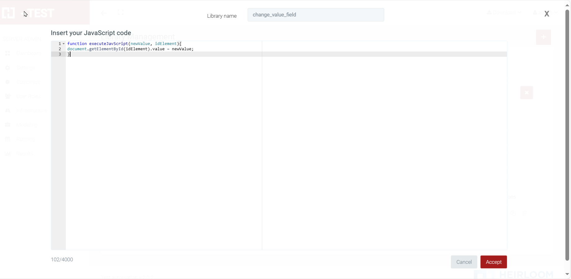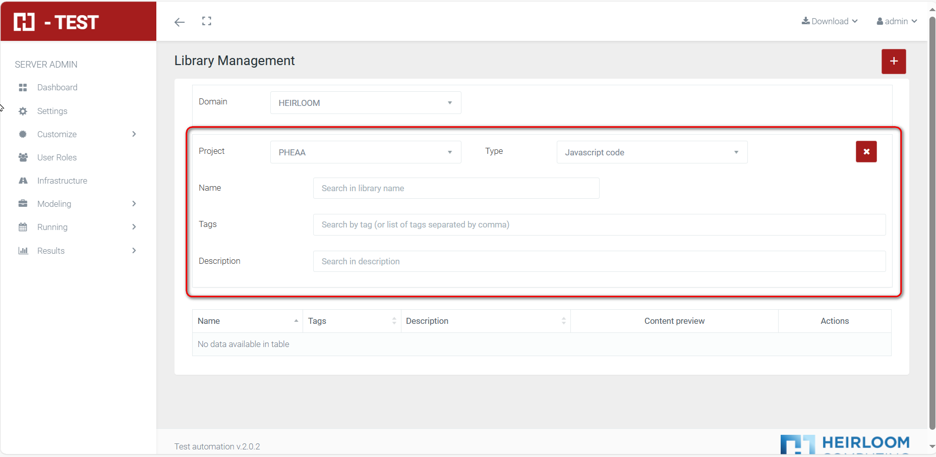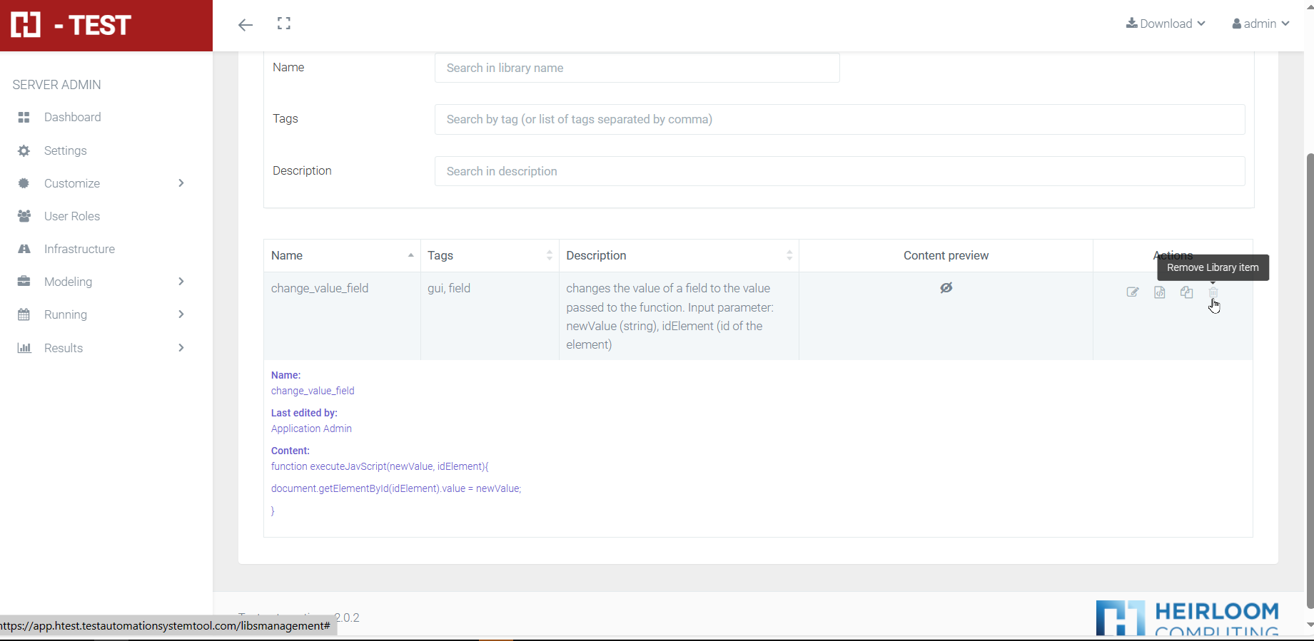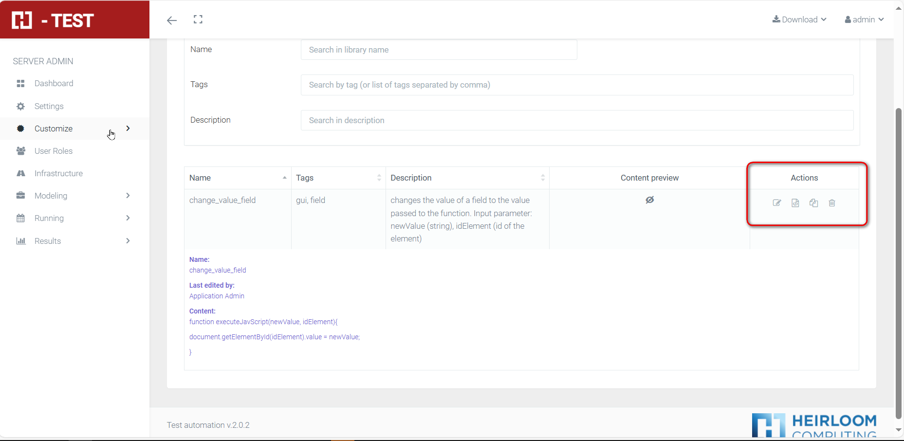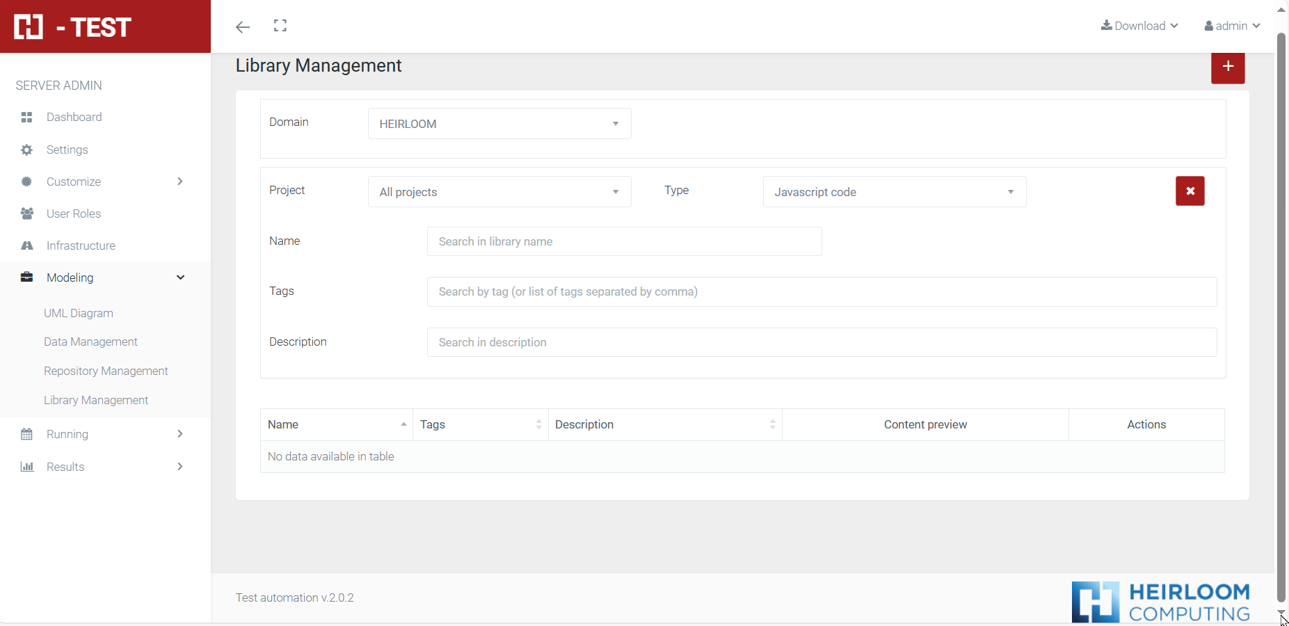 Library Management provides H-Test, and specifically the diagram modeling part, with a library management tool to store, organize and query javascript functions or Sql queries that the user considers useful, for example to be reused in the messages of other diagrams.
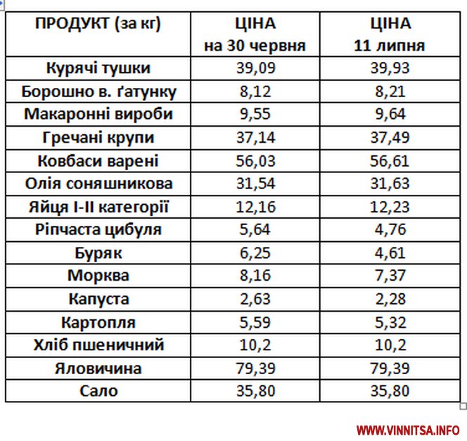 Подорожчали майже на гривню курячі тушки, на півгривні подорожчали варені ковбаси, на 9 копійок подорожчало борошно, макаронні вироби та олія, продовжують тенденцію росту в ціні гречані групи, тепер вартість за кілограм збільшилась на 30 копійок.
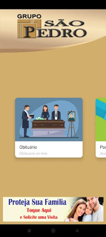Grupo São Pedro application, with online obituaries, company data, list of partners
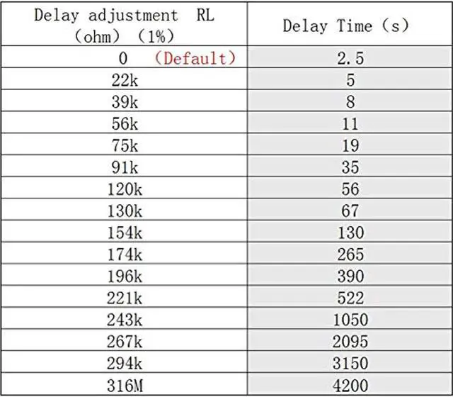 Please read the following form for resistance value corresponding to the typical delay time.
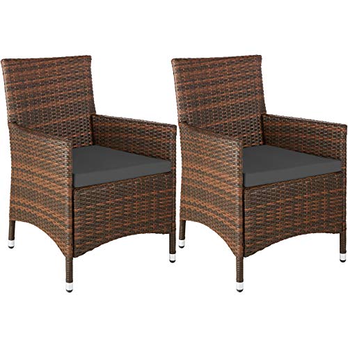 TecTake 2 Pezzi Sedie da esterno Sedia da Giardino poli rattan telaio in alluminio + 2 Set di rivestimenti per cuscini, viti in acciaio inox - disponibile in diversi colori - (Nero/Marrone)
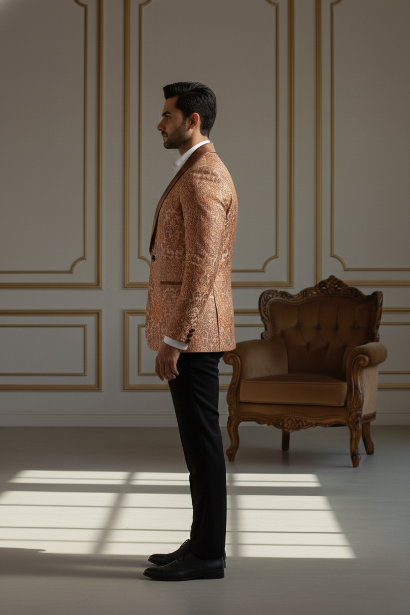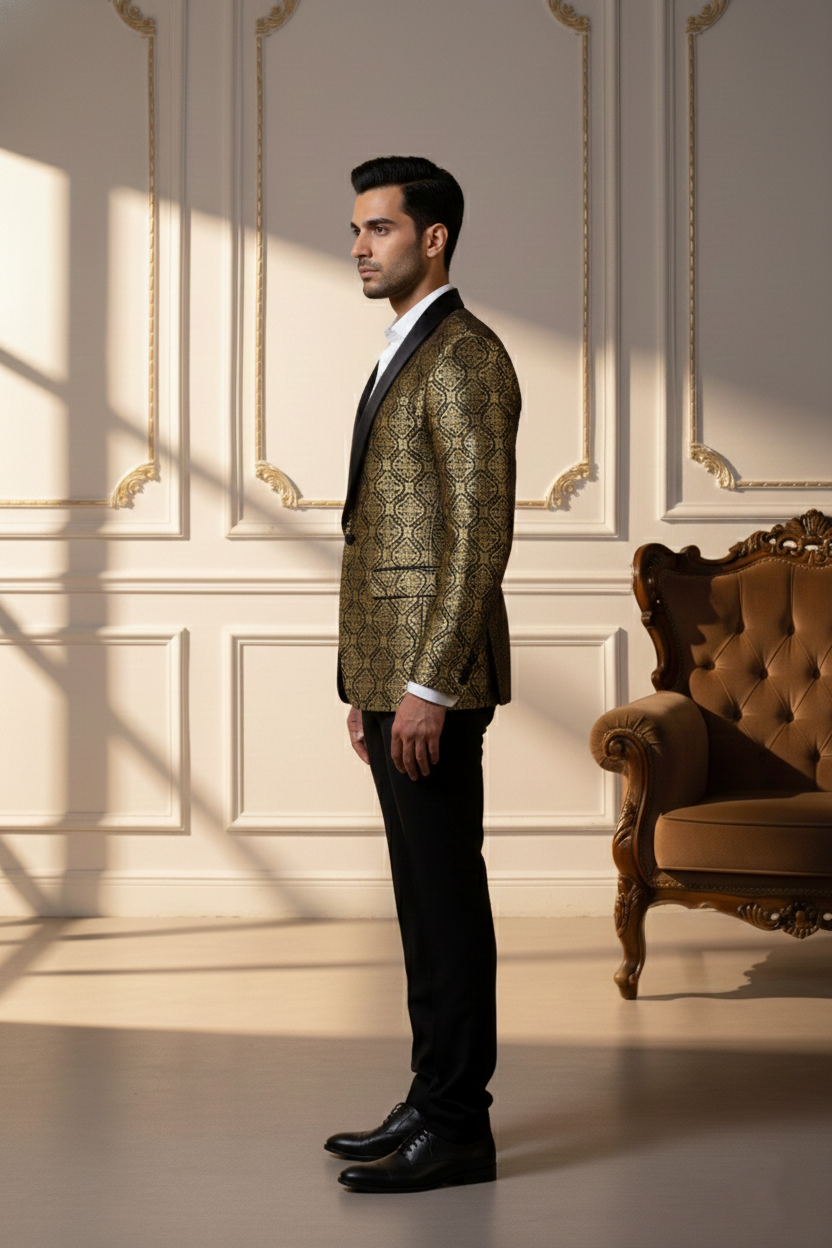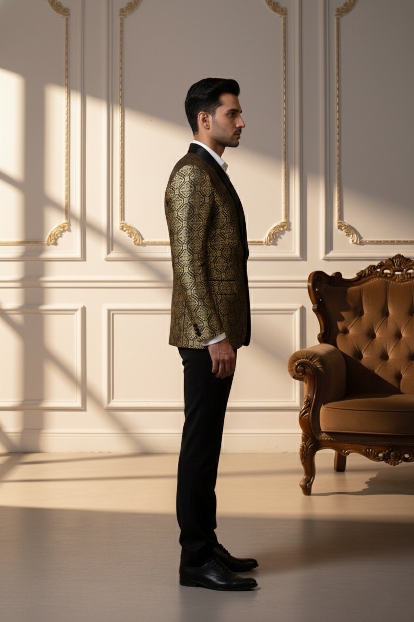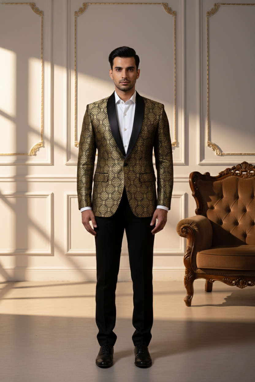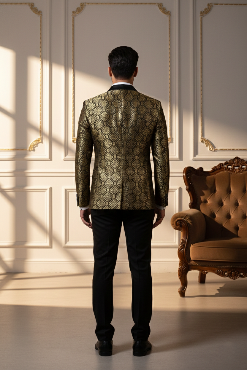 The jacket is tailored in a slim-fit silhouette to ensure a sharp look without compromising on comfort. It features a classic five-button placket with premium dark buttons that complement the overall aesthetic. Whether you are attending a grand wedding at a palace, a high-profile corporate gala, or a festive family gathering, this Nehru jacket serves as the ultimate layering piece.

## About this exercise
Render the data above verbatim and without pictures.

## Finished task
 Library Management provides H-Test, and specifically the diagram modeling part, with a library management tool to store, organize and query javascript functions or Sql queries that the user considers useful, for example to be reused in the messages of other diagrams.
 Подорожчали майже на гривню курячі тушки, на півгривні подорожчали варені ковбаси, на 9 копійок подорожчало борошно, макаронні вироби та олія, продовжують тенденцію росту в ціні гречані групи, тепер вартість за кілограм збільшилась на 30 копійок.
Grupo São Pedro application, with online obituaries, company data, list of partners
 Please read the following form for resistance value corresponding to the typical delay time.
 TecTake 2 Pezzi Sedie da esterno Sedia da Giardino poli rattan telaio in alluminio + 2 Set di rivestimenti per cuscini, viti in acciaio inox - disponibile in diversi colori - (Nero/Marrone)
 The jacket is tailored in a slim-fit silhouette to ensure a sharp look without compromising on comfort. It features a classic five-button placket with premium dark buttons that complement the overall aesthetic. Whether you are attending a grand wedding at a palace, a high-profile corporate gala, or a festive family gathering, this Nehru jacket serves as the ultimate layering piece.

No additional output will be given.